What to expect from the UAE’s corporate tax?
The application of corporate tax in the UAE had been discussed in financial circles for some time, so the announcement came as no surprise. Businesses and commercial activities will be taxed starting on 1st June 2023. The tax will be imposed on all profits the company earns and reports in its financial statements. Statements must be prepared according to the internationally accepted accounting standards, subject to minimal exceptions or adjustments. Companies will be regulated by the Federal Tax Authority (FTA) with regard to corporate tax payments.
Profits will be taxed at a standard rate of 9%. For taxable profits up to AED 375,000, however, there will be no tax. This is intended to encourage startups and small businesses.
The slab rates have not yet been defined. However, this could change in the future.

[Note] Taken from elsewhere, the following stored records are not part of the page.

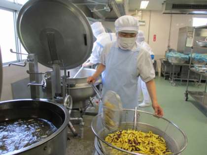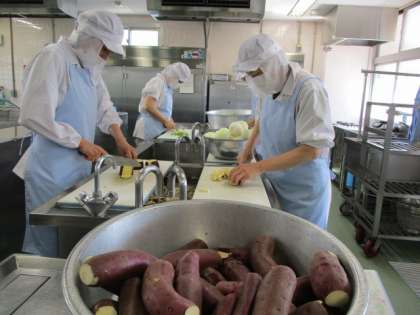 シナモンポテトに使用したさつまいもは全校分で約150本ありました。それを拍子切りにして、油で揚げた後、シナモンと粉砂糖をまぶして作りました。たくさんのさつまいもを切るのは大変でしたが、喜んで食べてもらえたら嬉しいです。
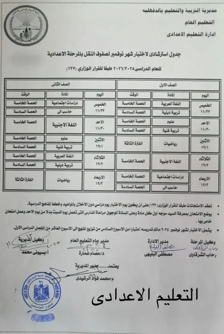 جاء جدول امتحانات شهر نوفمبر أولى إعدادي محافظة الدقهلية 2025 على النحو التالي:
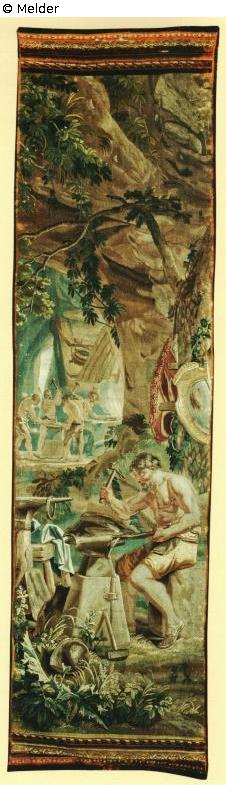 Suchmeldung | Einzelobjekt Vulcan schmiedet eine Rüstung für Telemach Lost Art-ID579144 Vorherige Weiter Hersteller/Künstler:in Orley, Jan van (Skizze); Vos, Jodocus (Weber) TitelVulcan schmiedet eine Rüstung für Telemach Datierung1712ObjektartGebrauchs- / RaumtextilieObjektgruppeKunsthandwerk / -gewerbeMaterial / TechnikTextil (Wolle) ; Textil (Seide) / gewebt Höhe 364,00 cm Breite 100,00 cm InventarnummerHL 2756Beschreibung Literatur: Vlámské Tapiserie na Zámcích Hluboká a Český Krumlov Kateřina Cichrová (ISBN978-80-87890-02-8), mit Abb.Gewoben, elf Maschen pro Zentimeter. Weiterlesen Weniger anzeigen Provenienz Sammlung von Dr. Adolph Fürst zu Schwarzenberg; 1940 von der Gestapo beschlagnahmt; Schloss Hluboká nad Vltavou (Frauenberg) Weiterlesen Weniger anzeigen Veröffentlicht seit14.09.2018 Kontakt Kontaktanfragen richten Sie bitte an das Deutsche Zentrum Kulturgutverluste.
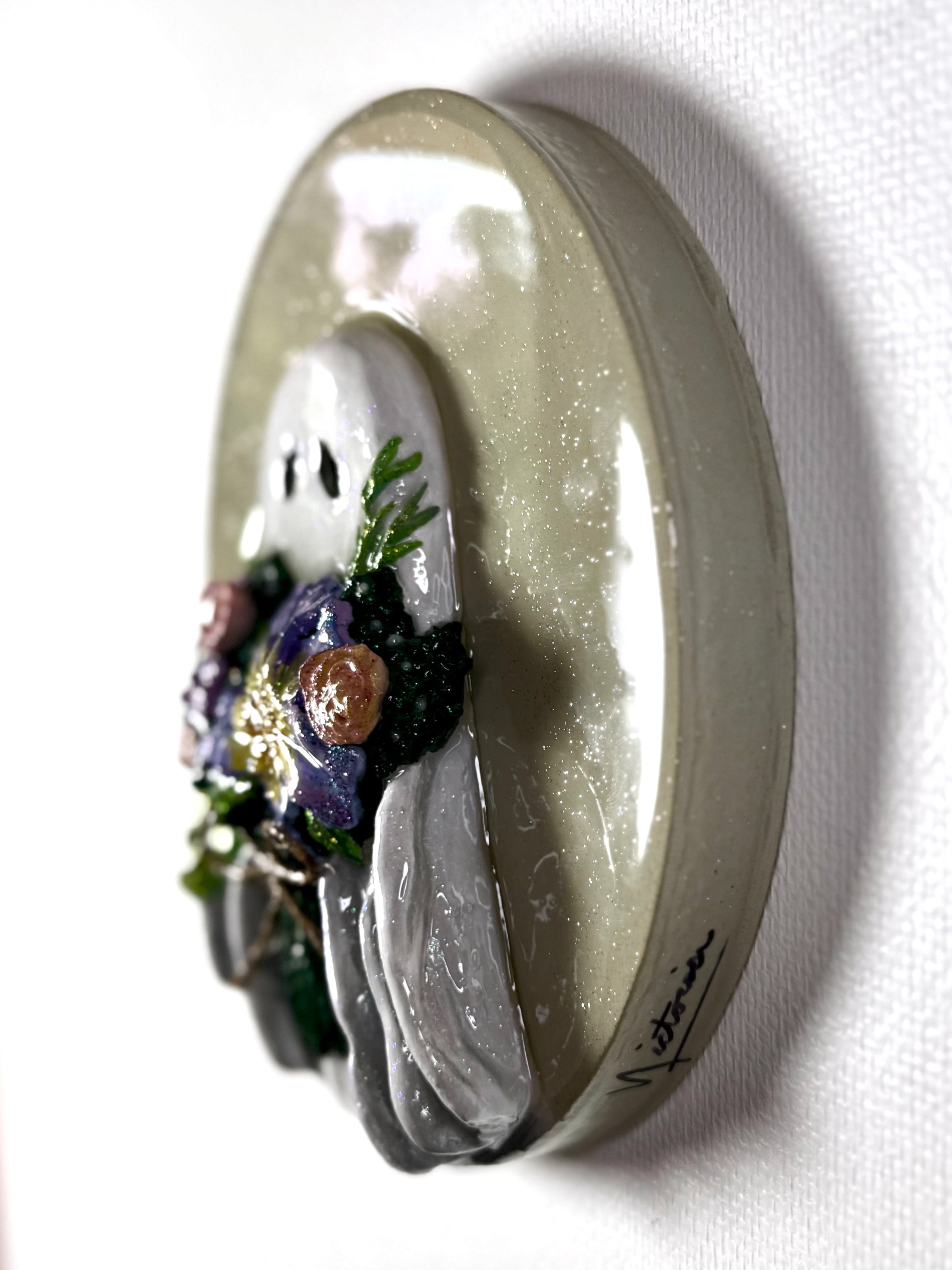 This stunning hand-crafted ghost sculpture features a glittered, light sage green background and our ghostie friend holding vibrant floral arrangement. The flowers  feature a twine bow and rhinestone embellishments to bring out the details of the sculpture.

As a result, the UAE corporate tax rate will start as one of the most competitive in the world.
Businesses involved in the extraction of natural resources are exempt. Such companies will continue to be taxed at the Emirate level.
Furthermore, UAE businesses will be exempt from paying taxes on dividends and capital gains from their qualifying holdings. Foreign taxes will be credited against UAE corporate tax payable, meaning that a company making profits outside the UAE and paying taxes in that country will not be required to pay corporate tax on those profits in the UAE.
In the UAE, the end of the no corporate tax policy does not mean that individuals will be taxed. Corporate tax does not apply to personal income from employment, real estate, equity, or investments.
As long as businesses comply with all the regulatory requirements, the UAE corporate tax regime will continue to honor incentives offered to free zone businesses.
UAE is an international business hub, so no withholding tax will be applied on domestic and cross-border payments. Only foreign investors who carry on business in the country will be taxed.
UAE corporate tax law will have generous loss utilization provisions. UAE companies will be able to be taxed as a single entity as a result. When there is a loss or an intragroup transaction, they can apply for relief collectively (as units).
Details regarding penalties and other related aspects, such as a tax on minor separate mainland income of free zone companies, filing deadlines, and the carrying forward of losses, are likely to be announced in the coming months. The new rules will give companies ample time to adjust their policies.